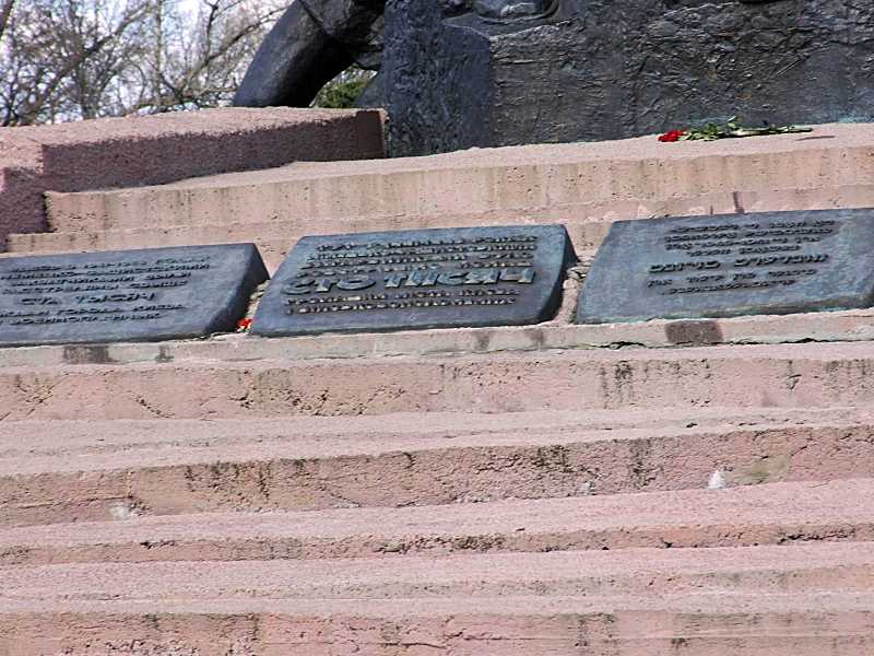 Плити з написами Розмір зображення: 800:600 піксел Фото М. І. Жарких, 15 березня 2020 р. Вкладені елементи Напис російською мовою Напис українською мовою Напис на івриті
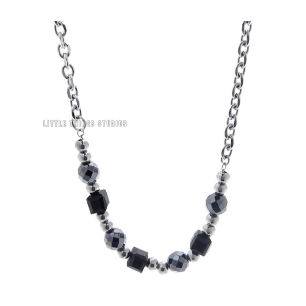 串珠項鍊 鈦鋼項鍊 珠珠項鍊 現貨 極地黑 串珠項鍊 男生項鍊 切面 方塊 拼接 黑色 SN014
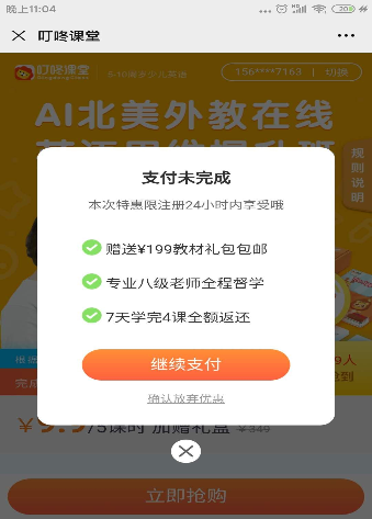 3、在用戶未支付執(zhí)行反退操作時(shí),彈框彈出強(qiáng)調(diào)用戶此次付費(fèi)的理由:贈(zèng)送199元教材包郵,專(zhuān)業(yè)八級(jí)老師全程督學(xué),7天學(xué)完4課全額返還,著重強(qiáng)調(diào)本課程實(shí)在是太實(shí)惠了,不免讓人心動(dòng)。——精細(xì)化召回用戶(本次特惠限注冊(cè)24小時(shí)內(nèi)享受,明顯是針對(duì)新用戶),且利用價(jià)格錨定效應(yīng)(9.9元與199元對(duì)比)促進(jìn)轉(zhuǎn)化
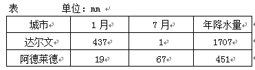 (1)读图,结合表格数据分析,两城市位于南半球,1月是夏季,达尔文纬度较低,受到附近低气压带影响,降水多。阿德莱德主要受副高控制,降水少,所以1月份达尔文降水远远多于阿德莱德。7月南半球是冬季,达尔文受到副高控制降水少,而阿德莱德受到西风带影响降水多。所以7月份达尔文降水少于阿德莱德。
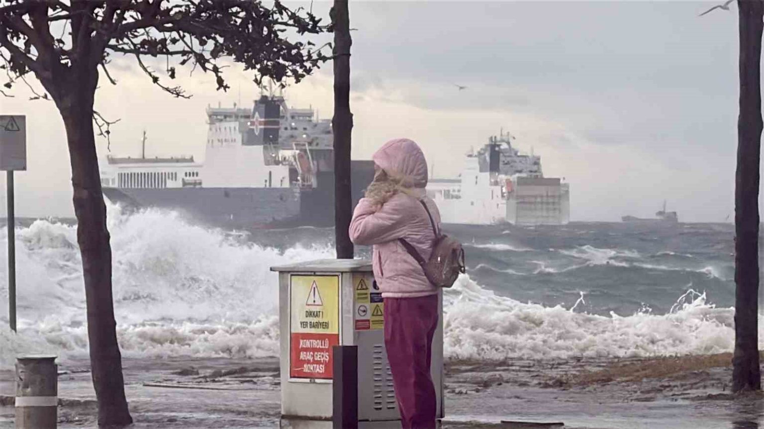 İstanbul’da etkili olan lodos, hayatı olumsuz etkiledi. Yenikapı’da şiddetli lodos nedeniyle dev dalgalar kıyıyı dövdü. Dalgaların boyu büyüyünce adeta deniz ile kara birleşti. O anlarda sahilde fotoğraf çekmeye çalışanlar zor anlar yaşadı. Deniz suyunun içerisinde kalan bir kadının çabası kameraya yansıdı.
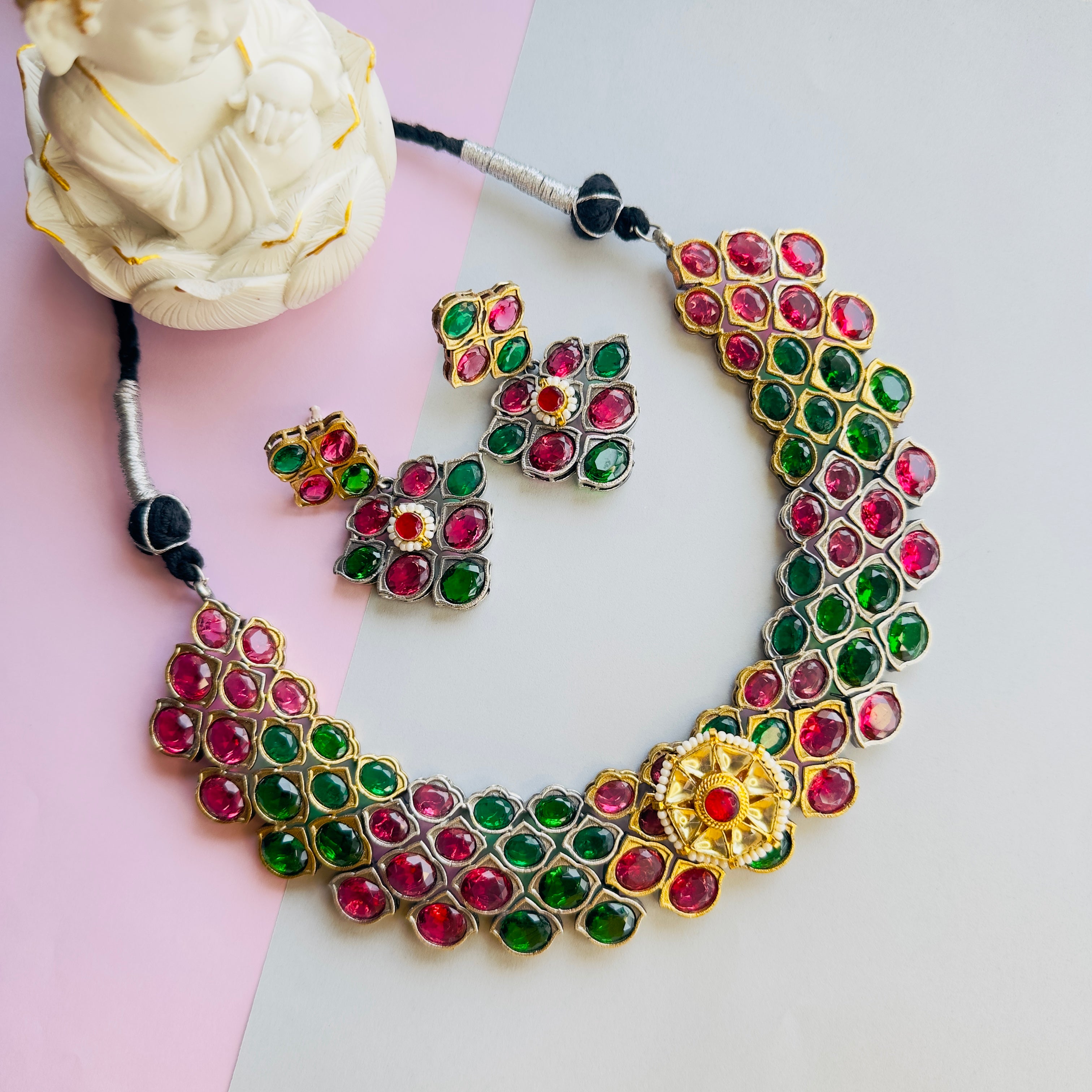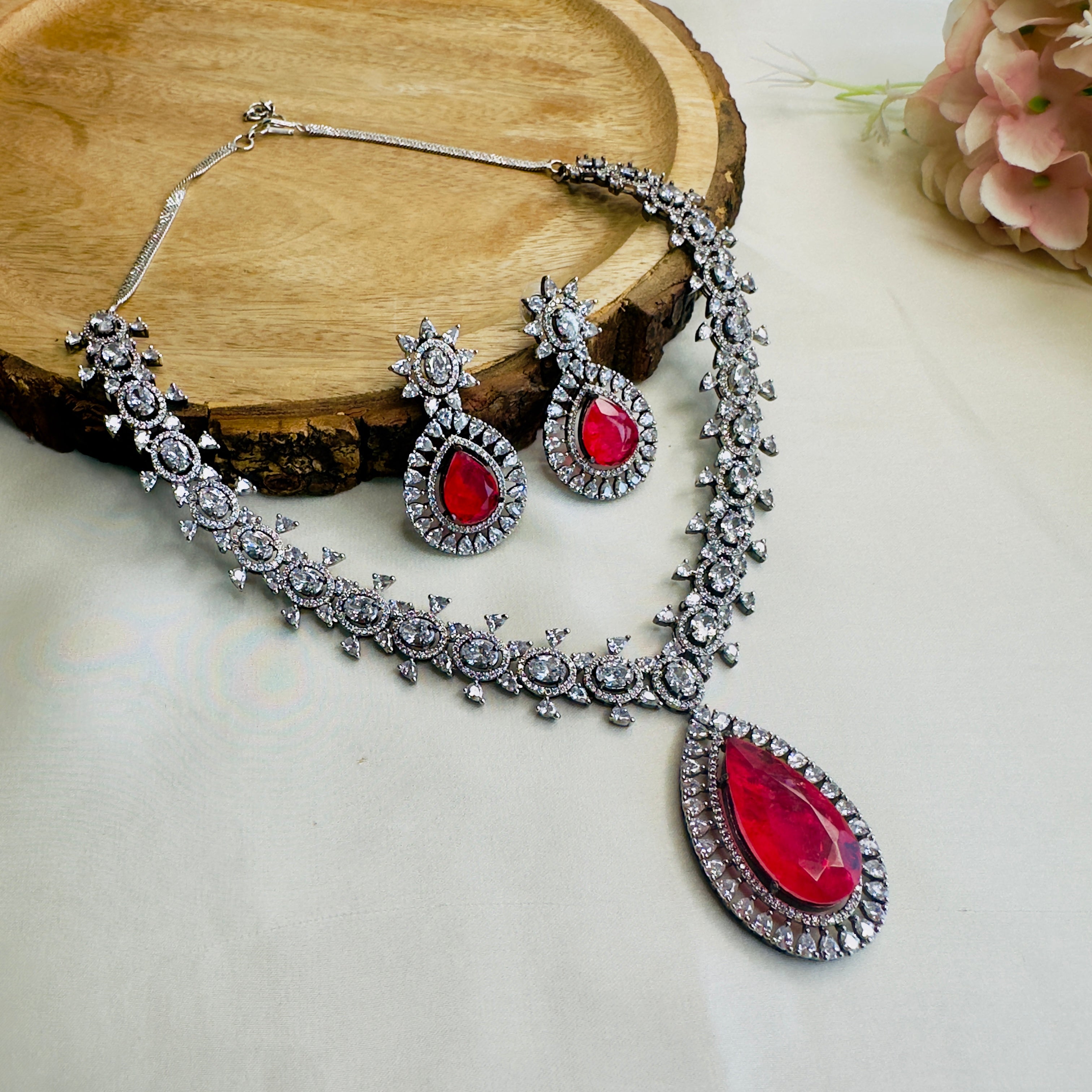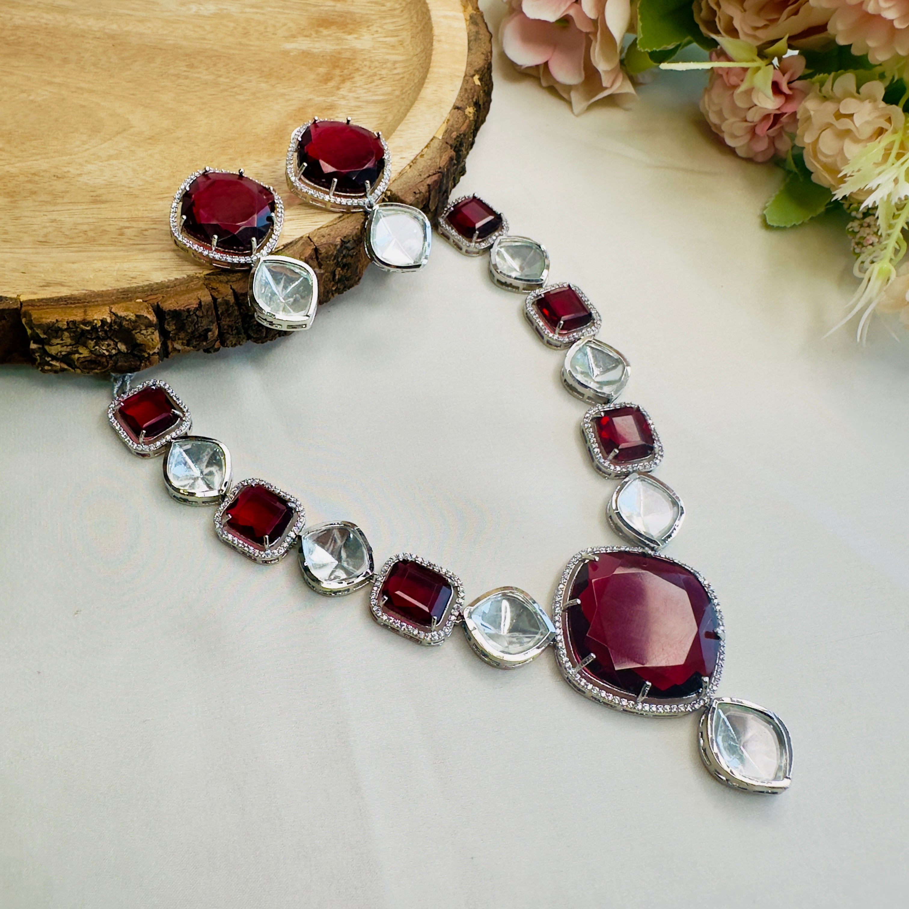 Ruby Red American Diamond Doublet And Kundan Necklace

--

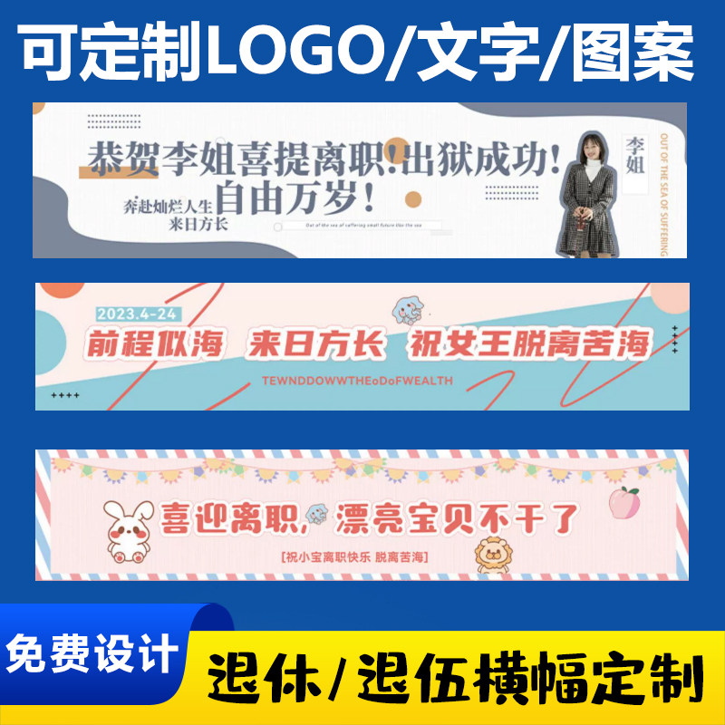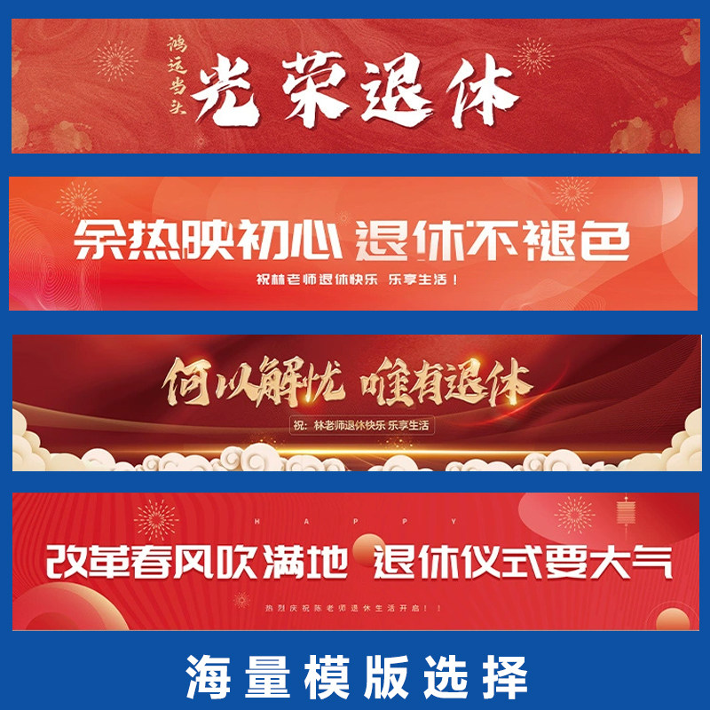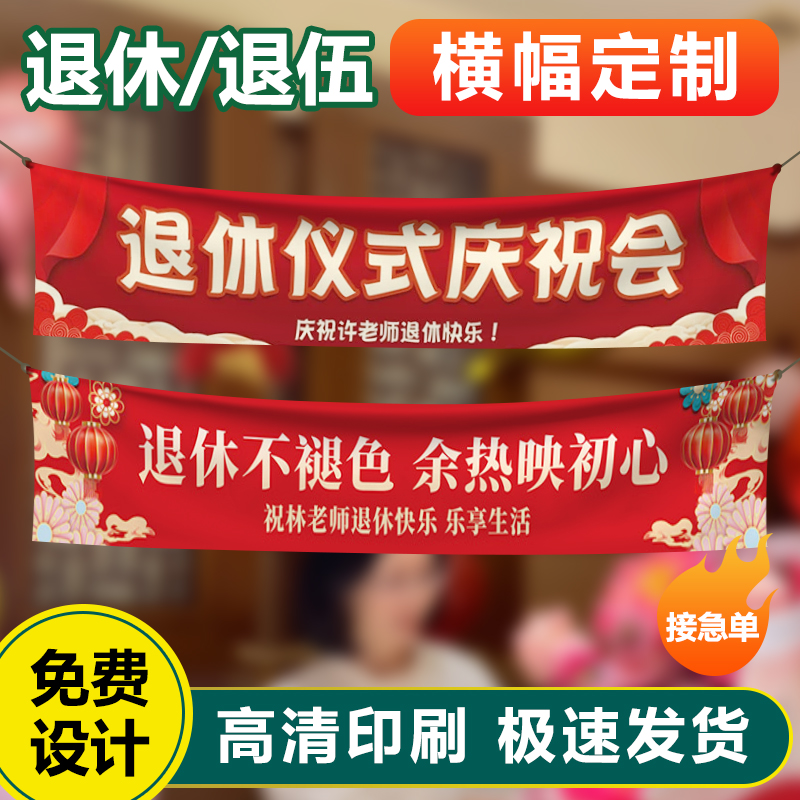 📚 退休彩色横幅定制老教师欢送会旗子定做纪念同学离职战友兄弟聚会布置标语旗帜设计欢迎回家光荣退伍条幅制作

▶ _TO DO_:
Within the listing above, copy exactly the lines that start at the one with "串珠項鍊 鈦鋼項鍊 珠珠項鍊" and continue through the one with "Ruby Red American". Omit pictures.

▶ _ANSWER FOR THE TASK_:
 串珠項鍊 鈦鋼項鍊 珠珠項鍊 現貨 極地黑 串珠項鍊 男生項鍊 切面 方塊 拼接 黑色 SN014
 3、在用戶未支付執(zhí)行反退操作時(shí),彈框彈出強(qiáng)調(diào)用戶此次付費(fèi)的理由:贈(zèng)送199元教材包郵,專(zhuān)業(yè)八級(jí)老師全程督學(xué),7天學(xué)完4課全額返還,著重強(qiáng)調(diào)本課程實(shí)在是太實(shí)惠了,不免讓人心動(dòng)。——精細(xì)化召回用戶(本次特惠限注冊(cè)24小時(shí)內(nèi)享受,明顯是針對(duì)新用戶),且利用價(jià)格錨定效應(yīng)(9.9元與199元對(duì)比)促進(jìn)轉(zhuǎn)化
 (1)读图,结合表格数据分析,两城市位于南半球,1月是夏季,达尔文纬度较低,受到附近低气压带影响,降水多。阿德莱德主要受副高控制,降水少,所以1月份达尔文降水远远多于阿德莱德。7月南半球是冬季,达尔文受到副高控制降水少,而阿德莱德受到西风带影响降水多。所以7月份达尔文降水少于阿德莱德。
 İstanbul’da etkili olan lodos, hayatı olumsuz etkiledi. Yenikapı’da şiddetli lodos nedeniyle dev dalgalar kıyıyı dövdü. Dalgaların boyu büyüyünce adeta deniz ile kara birleşti. O anlarda sahilde fotoğraf çekmeye çalışanlar zor anlar yaşadı. Deniz suyunun içerisinde kalan bir kadının çabası kameraya yansıdı.
 Ruby Red American Diamond Doublet And Kundan Necklace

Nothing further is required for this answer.